VERSTEEGSo countries like Nigeria, Ghana, Kenya, Zambia, Botswana, Guiana, they all got the exact same Bill of Rights, word for word, similar. And it was essentially the European Convention on Human Rights. So I do think, I mean, international influence as transnational influences are very important in the design of constitutions and, yeah.
ROBERTSAnd in addition to the sort of post-colonial model, do you find regional similarities, where there's a part of the world that might give more influence to a certain idea over another?
LAWWe didn't actually find strong evidence of that.
LAWWhat we do find is evidence of similarity by legal family. Right. And the common...
LAW...law family is strewn across the globe. You've got South Africa, you've got India, you've got Hong Kong, you've got New Zealand, Australia, Canada. So, you know, you throw darts at a map and you get the former commonwealth. Right. That we do find, but in terms of strong geographic effects, not as much.
ROBERTSAnd again, we're talking about documents and they certainly have a real-world application, but there's a quotation from, again, Justice Scalia saying, you know, the former Soviet Union had a much better bill of rights than we do.
ROBERTSYou know, so the document itself is not the last word, necessarily, in the rights of the people.
LAWNo. And in fact, we have a paper we'll be releasing very soon to (word?). We don't know where it'll end up, called (word?) Constitutions" where we look at exactly the phenomenon that Justice Scalia points to and we attempt to compare what constitutions promise on paper with what they actually do on practice and to try to identify some variables to predict whether -- everybody knows this. You know, everyone's been observing this for ages.

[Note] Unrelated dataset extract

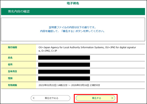 内容に間違いがなければ、「署名する」ボタンをクリックしてください。

LAWWell, just because they write this thing in the document doesn't mean it's worth a hill of beans. That's obviously true. The question is can we say anything more than that? And it's hard to say more than that until you actually have, you know, quantitative data. Otherwise, you're just talking about your impressions. And probably, to be honest, you're probably talking about your impressions based on the English language literature that you read, which in turn is from a very skewed sample of countries.
ROBERTSAlthough it does seem to be a pretty interesting time to be studying the creation of constitutions.
LAWSuper interesting time, but no one's called us yet to write one. So our email address is on the web, in case anyone out there needs a constitution.
VERSTEEG(word?) question if we should do it.
ROBERTSThat is David Law, professor of law and professor of political science, at Washington University, St. Louis, and Mila Versteeg. She's a professor of law at the University of Virginia School of Law. Their forthcoming article is called "The Declining Influence of the United States Constitution" in the NYU Law Review. Thank you both so much for joining us.
LAWThank you very much for having us.
VERSTEEGThank you for having us.
ROBERTSAnd again, you can see some of that data quantifying other constitutions on our website, kojoshow.org. I'm Rebecca Roberts sitting in on "The Kojo Nnamdi Show." Thanks for listening.